In New Jersey Dept. of Environmental Protection v. Dimant, 212 N.J. 153 (2012), the New Jersey Supreme Court held that the New Jersey Department of Environmental Protection (NJDEP) must establish, by a preponderance of the evidence, a reasonable connection between (1) a discharge, (2) the discharger, and (3) the contaminated resource at issue, to recover damages under New Jersey’s Spill Act.
In Dimant, perchlorethylene (PCE) was detected in private wells in Bound Brook, N.J., located near several dry cleaners and gasoline service stations, including the defendant Sue’s Clothes Hanger, a dry cleaning business. NJDEP sampled a pipe leaking on to the pavement in the exterior of Sue’s and detected PCE at 3,000 ppb. A NJDEP study generated over 10 years later identified Sue’s as a source of groundwater contamination in the Bound Brook private wells. The NJDEP brought a Spill Act claim against Sue’s, seeking contribution for investigation and remediation costs, and natural resource damages. The trial court dismissed the Spill Act claim, finding that the NJDEP had not established by a preponderance of the evidence that Sue’s discharged the PCE found in the private wells. The New Jersey Appellate Division affirmed.

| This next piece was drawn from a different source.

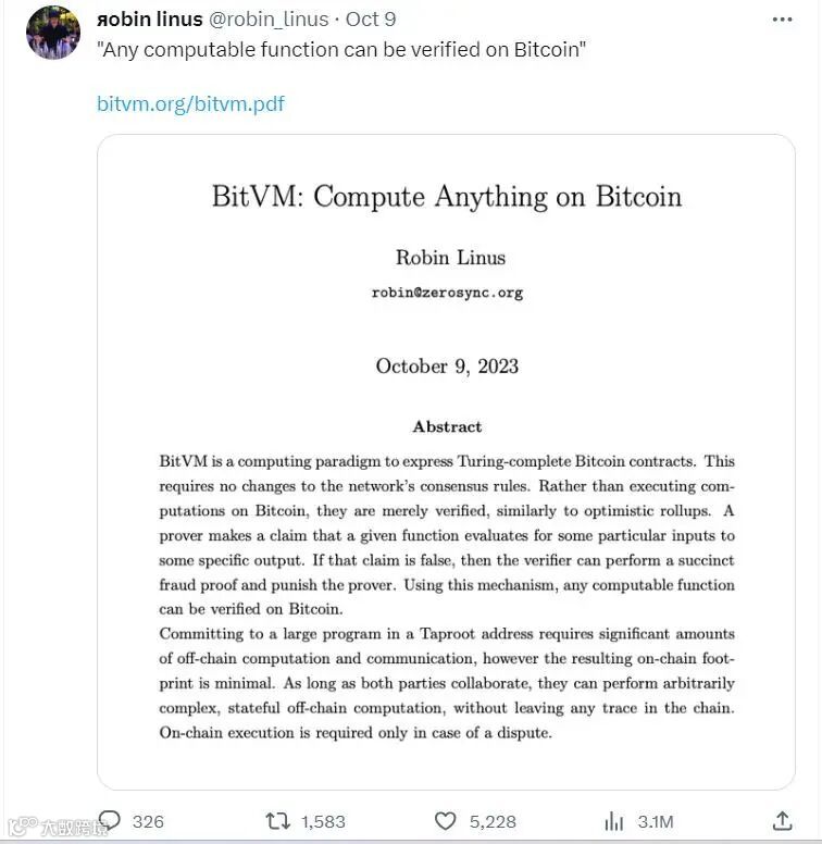 10月9日,区块链开发商 ZeroSync 的联合创始人 Robin Linus 公布了BitVM 的白皮书。

The NJDEP petitioned the Supreme Court to clarify the nexus required for liability under the Spill Act. Under the Spill Act, “[a]ny person who has discharged a hazardous substance, or is in any way responsible for any hazardous substance, shall be strictly liable, jointly and severally, without regard to fault, for all cleanup and removal costs no matter by whom incurred.” N.J. Stat. Ann. § 58:10-23.11g.c.(1). The court explained that, when a discharge has occurred, regardless of the size, and a responsible discharger is identified, the NJDEP must establish a reasonable link between the discharge, discharger and contaminated site, by a preponderance of the evidence. The court noted that it is not enough for a plaintiff to simply prove that a defendant produced a hazardous substance and that the substance was found at the contaminated site. With regard to Sue’s, the court found that the NJDEP failed to show how the PCE dripping from a pipe onto the pavement at Sue’s reasonably could have made its way to the private wells.
The Dimant decision may change the NJDEP’s behavior in pursuing Spill Act claims. The biggest impact could be seen in “two site” cases because the NJDEP will now have to establish a plausible migration pathway for contaminants from one site to a natural resource to recover. In addition, in multi-discharger cases, the NJDEP will have to be selective in deciding which discharger to pursue and will no longer be able to simply select a “deep pocket.” Importantly, the reasonable nexus requirement will likely increase NJDEP’s costs in pursuing Spill Act claims, which will likely be passed on to the discharger found to be liable for damages. Whether the increased costs create an impediment to NJDEP Spill Act claims will be an important issue to monitor.